Seqanswers Leaderboard Ad

Collapse

Announcement

Collapse
No announcement yet.
X
 
  • Filter
  • Time
  • Show
Clear All
new posts

  • #16
    Didn't happen in the previous version so I'm guessing its a result of the fix they put in for my last issue. I'm impressed with how fast they are turning around fixes so it makes it worth the effort.

    Comment


    • #17
      Customer service makes all the difference! I don't know if you have ever tried to get help from the Tophat/cufflinks people but man...those guys are impossible. So far Wei has been on top of things. The same goes for the BWA, STAR and RSEM devs. I've had pretty quick responses from all of them.

      It's sort of convenient for me that these subread people are just getting to work when I'm about to go to sleep. I get back to the lab the next day and they've fixed stuff during the night.
      /* Shawn Driscoll, Gene Expression Laboratory, Pfaff
      Salk Institute for Biological Studies, La Jolla, CA, USA */

      Comment


      • #18
        Dear sdriscoll and Jon,

        Many thanks for your nice comments.

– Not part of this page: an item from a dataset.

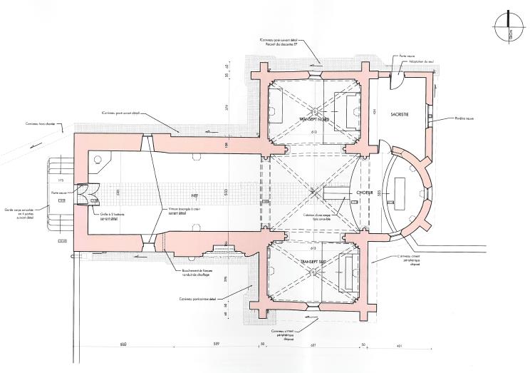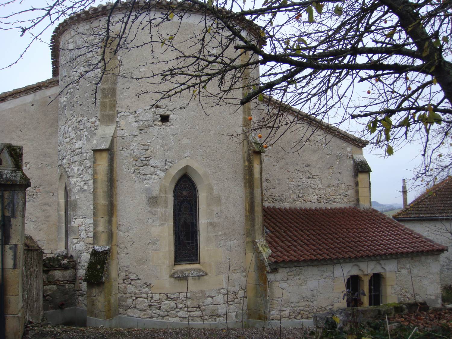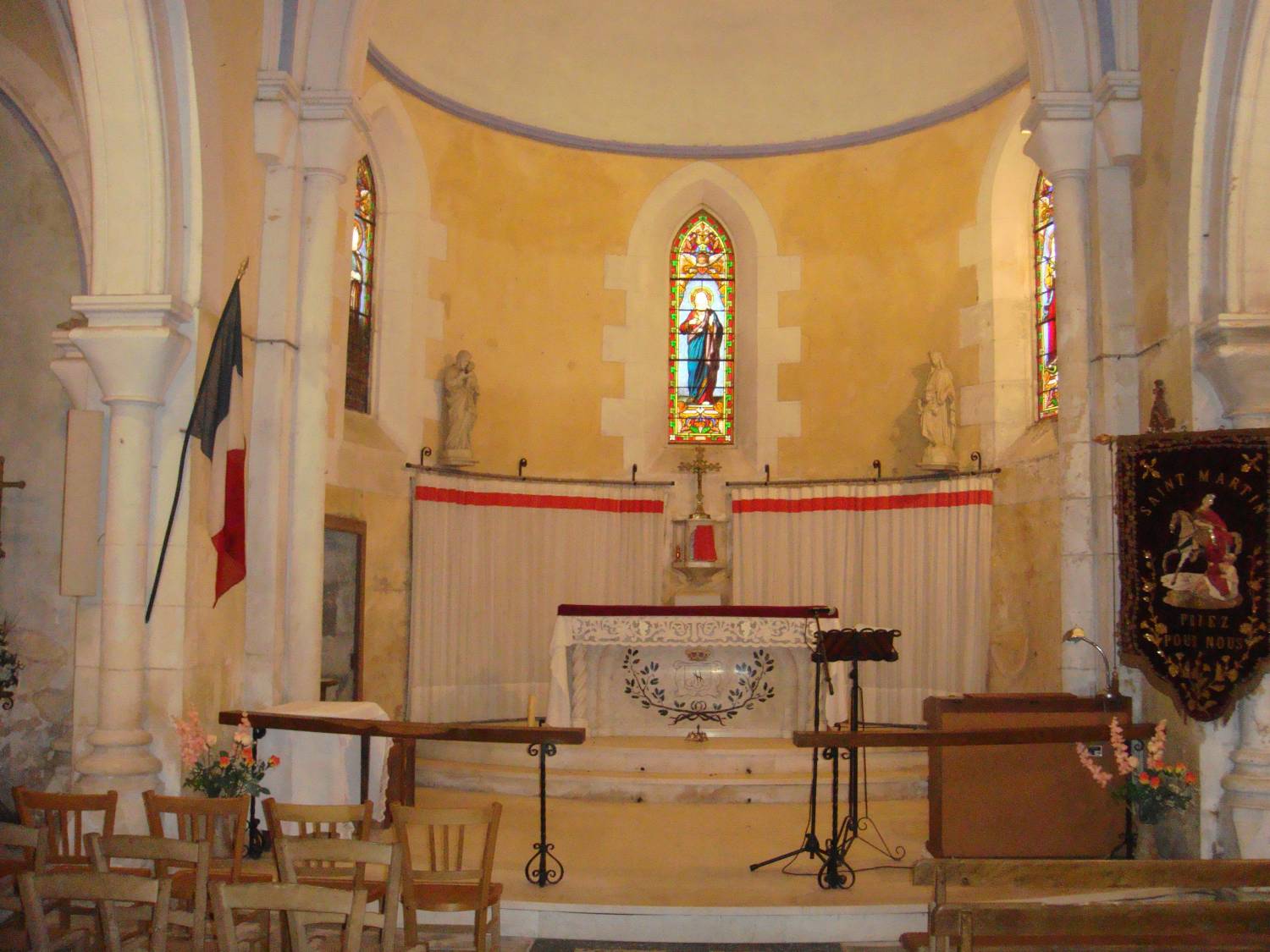 Eglise composée de deux travées de nef poursuivies à l’ouest par une travée ouverte sur deux chapelles au nord et au sud formant un faux transept et un chœur plus élevé que la nef, avec une abside semi circulaire.

We really appreciate you putting up with the bugs and helping us to improve our programs.

        As you said, the sam output bug was introduced in v1.3.5. We have fixed it in v1.3.5-p1. We also enhanced the subread-buildindex to let it check the integrity of the provided reference sequences and report any unexpected characters in a more informative way.

        The latest version v1.3.5-p1 can be downloaded from http://subread.sourceforge.net . We have done a more thorough test by using much bigger test datasets. Hope it works for you. But please let me know if found any other bugs.

        Best wishes,

        Wei

        Comment


        • #19
          Running a test tonight...

          Comment


          • #20
            Hi Shi,

            Just wanted to thank you this last patch seems to be much improved. Now moving on to test featureCounts.

            Comment


            • #21
              Dear Jon,

              No worries. Thanks for letting me know.

              Please make sure you are using the latest version (1.3.5-p3). We made changed to featureCounts today. Let me know if you run into any problems.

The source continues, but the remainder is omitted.